This event landed during a year in which Meta paid more than four million dollars to security researchers for valid bug reports across WhatsApp, Facebook, Instagram and its other platforms. The company processed about thirteen thousand submissions and accepted around eight hundred. Meta highlighted two issues in particular. One stemmed from the Vienna enumeration work. The other came from an internal analyst using a specialized proxy tool to examine WhatsApp’s network protocol. That review uncovered an incomplete validation problem in older client versions that could have triggered content retrieval from arbitrary URLs on a recipient’s device. Meta patched it before any harmful use surfaced.

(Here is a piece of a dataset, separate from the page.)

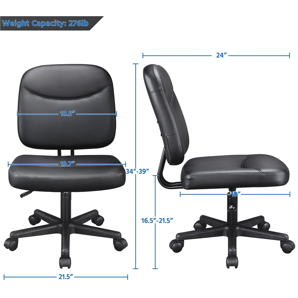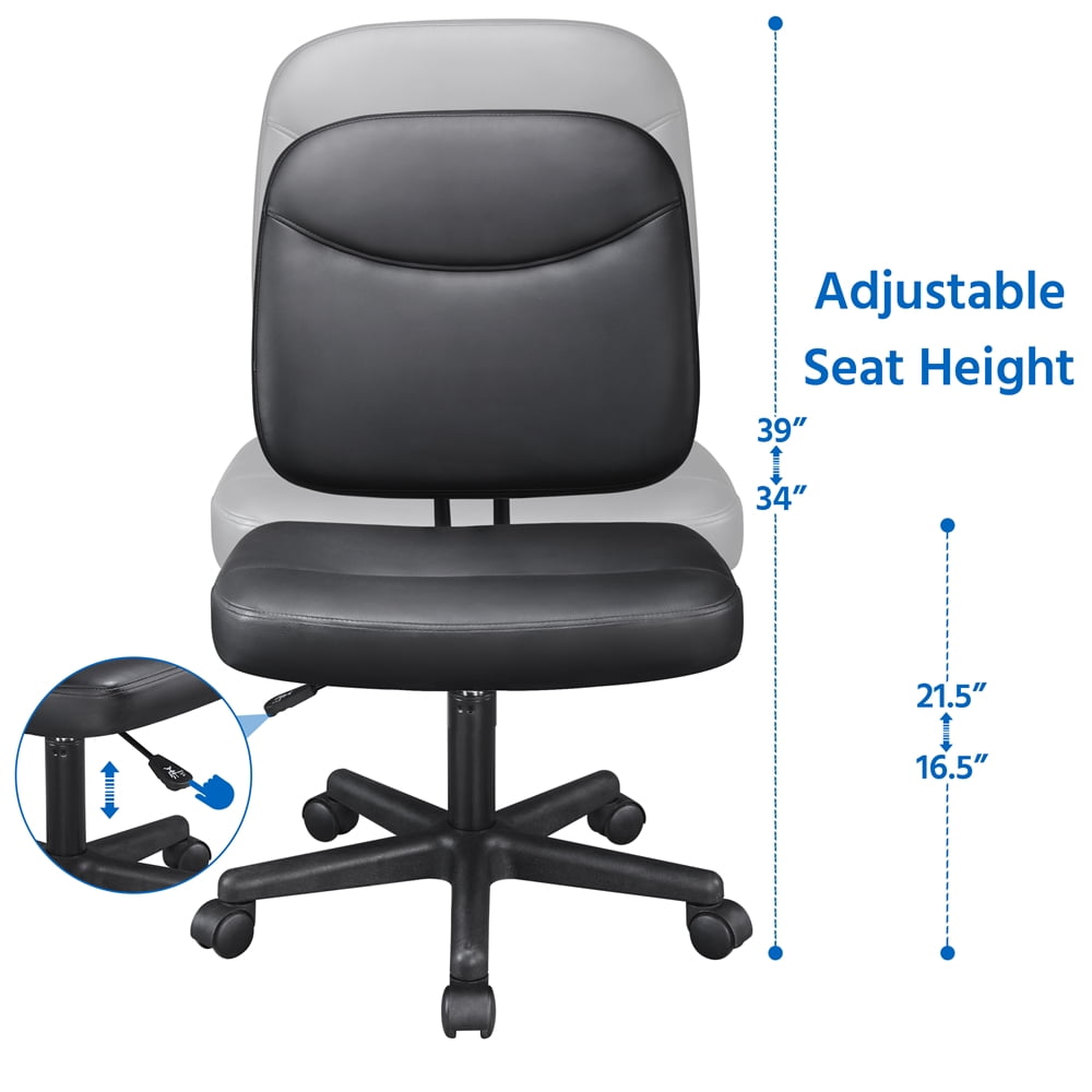 [Selected Materials] Our armless office chair boasts a robust five-star base and five nylon casters, promoting stability and effortless movement. It includes a high-density foam-padded seat with a waterproof faux leather covering. The SGS-certified gas lift ensures safe, smooth height adjustments [Spacious Seat]Experience comfort with our smart office chair featuring an extra-large seat measuring 20″ W × 18″ D. Padded with high-density foam, it offers a soft and comfortable feel, ideal for extended working sessions [360° Swivel & Adjustable Seat Height] The 360-degree swivel feature enhances mobility, facilitating seamless collaboration with colleagues and convenient access to file cabinets. Adjust the seat height from 17″ to 21.7″ for customized comfort, ensuring alignment with various desk heights [Ergonomic Backrest] The mid-back backrest provides enough lumbar support to an individual’s back. Releasing the pressure on your lower back to ease your office hours [Simple & Versatile Look]Classic color and design make the armless office chair suitable for home offices, work offices, conference rooms, meeting areas and training rooms. The traditional look delivers a sense of simplicity and delicacy Age Group: Adult

The company also released a patch to address a separate high severity vulnerability, tracked as CVE 2025 59489, that affected Quest devices through Unity based applications. That flaw came from a different researcher and involved operating system level behavior rather than messaging.

Meta has started distributing the WhatsApp Research Proxy to select long term contributors who focus on protocol level issues. The goal is to support deeper analysis and lower the barrier for academic teams that want to study the platform. Meta said it plans to expand access later.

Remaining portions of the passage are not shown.